The plan sets out the path for PTSB to become viable in the long-term without further state support
The European Commission has found that restructuring aid granted by Ireland to Permanent TSB (PTSB) is in line with EU state aid rules. The restructuring plan sets out the path for PTSB to become viable in the long-term without further state support, while ensuring that the bank and its owners contribute to the cost of restructuring and limiting the distortions of competition created by the aid.
Before the financial crisis, PTSB – then operating under the name Irish Life and Permanent – expanded rapidly with a focus on lending to the growing Irish property market and a strong reliance on wholesale funding. When the global financial crisis broke out, which hit the Irish economy and notably the Irish property market particularly hard, the vulnerability of PTSB’s business model became clear and PTSB had to resort to state support. It received on a standalone basis €2.7bn of capital support that the Commission approved in July 2011, as well as various state guarantees. Final approval of the aid was made subject to Ireland submitting an appropriate restructuring plan for the bank that needed to be approved under state aid rules.
The initial plan submitted by Ireland was subsequently adjusted and updated several times to account for changing market conditions, the results of the October 2014 comprehensive assessment of major European banks by the Single Supervisory Mechanism, and agree terms to ensure the bank’s long-term viability.
The Commission’s assessment concluded that the final version of the proposed restructuring plan sets out a credible strategy to make PTSB profitable. PTSB will operate as a smaller domestically focused bank with an improved funding profile. It will increase its level of profitability notably by disposing of its low-yielding assets and increasing its net interest margins. Finally, PTSB will raise capital from private investors to achieve and maintain a strong capital buffer during the restructuring period. PTSB also has contingent capital instruments which can be converted into equity, if needed. These measures will enable PTSB to return to long-term viability without further state support.
PTSB has already implemented a series of restructuring measures, including deleveraging, liability management exercises and cost reduction measures, which contribute to its return to viability and ensure that the aid is limited to the minimum necessary.

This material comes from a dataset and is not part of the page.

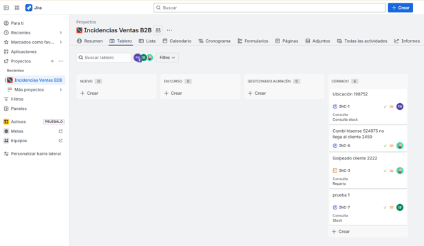 Proyecto: Seleccionaremos siempre el proyecto "Incidencias Ventas B2B (INC)

The restructuring plan includes a set of commitments that PTSB will respect during the restructuring period, that is until the end of 2018. In particular, PTSB will continue to deleverage and reduce costs and will not be able to carry out acquisitions in this period. Moreover, PTSB will take certain actions to facilitate the market entry of competitors. In particular, PTSB will provide competitors with access to certain services, such as cash supply and distribution services, and access to market intelligence. It will also distribute advertising material on behalf of a competitor to its clients to promote customer switching.
The commitments will ensure that the competition distortions brought about by the aid are limited.
This decision gives the final approval to aid measures granted to PTSB, including the recapitalisation measures that had previously been approved on a temporary basis pending the submission of a restructuring plan.